▶ [REQUIREMENT]: The material below holds pictures; leave them out and reproduce exactly the lines from the one with "Dual-entry male stroker" through the one with "8、内蒙古师范大学:2025", inclusive.

··· INPUT RECORDS

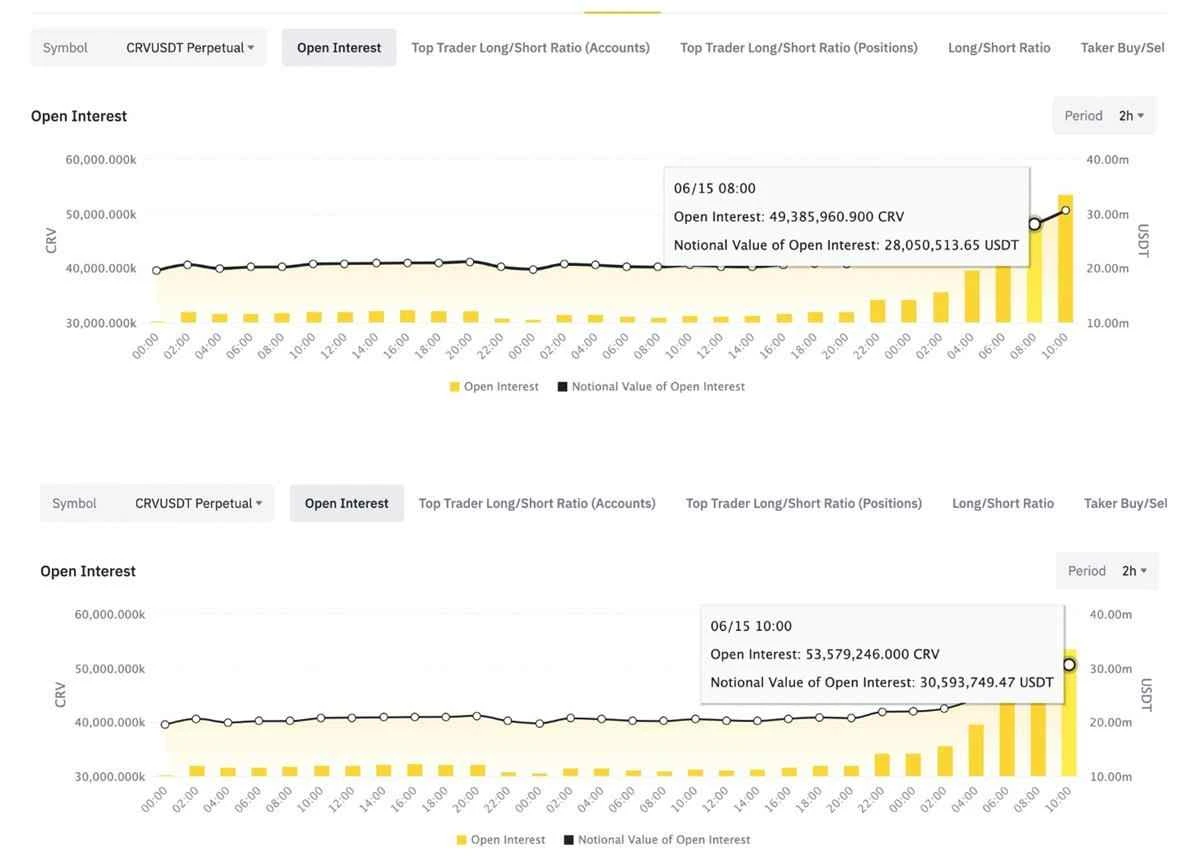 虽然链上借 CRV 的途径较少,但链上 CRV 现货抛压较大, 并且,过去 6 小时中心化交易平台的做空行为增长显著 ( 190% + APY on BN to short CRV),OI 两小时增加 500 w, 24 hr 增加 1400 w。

······
··· INPUT RECORDS

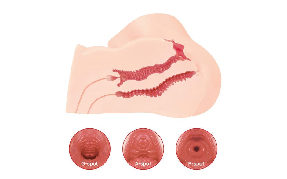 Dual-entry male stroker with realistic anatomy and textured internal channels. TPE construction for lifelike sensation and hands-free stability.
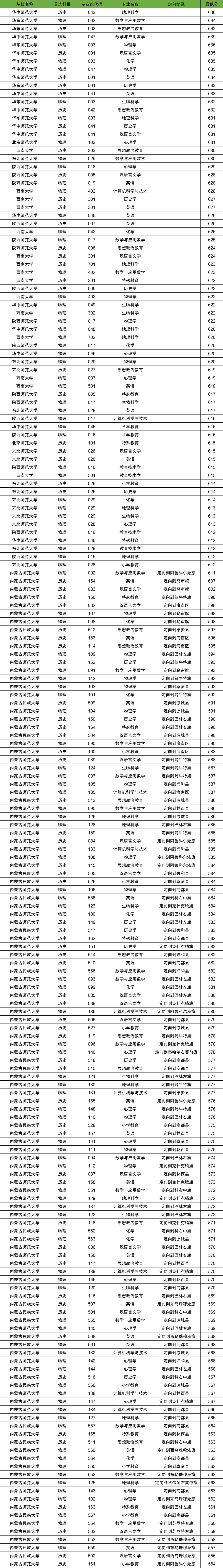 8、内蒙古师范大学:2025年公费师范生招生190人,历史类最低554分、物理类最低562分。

······
··· INPUT RECORDS

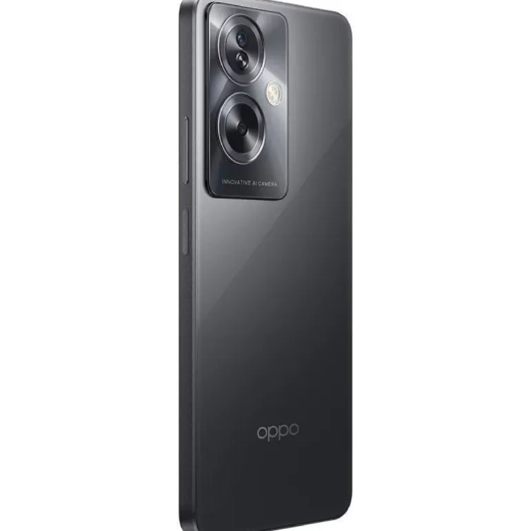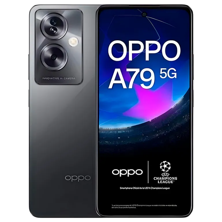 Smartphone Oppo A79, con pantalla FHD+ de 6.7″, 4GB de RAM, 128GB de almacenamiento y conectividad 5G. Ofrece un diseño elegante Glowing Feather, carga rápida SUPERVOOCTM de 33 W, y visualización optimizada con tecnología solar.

······

▶ [SOLUTION TO THIS TASK]:
 Dual-entry male stroker with realistic anatomy and textured internal channels. TPE construction for lifelike sensation and hands-free stability.
 8、内蒙古师范大学:2025年公费师范生招生190人,历史类最低554分、物理类最低562分。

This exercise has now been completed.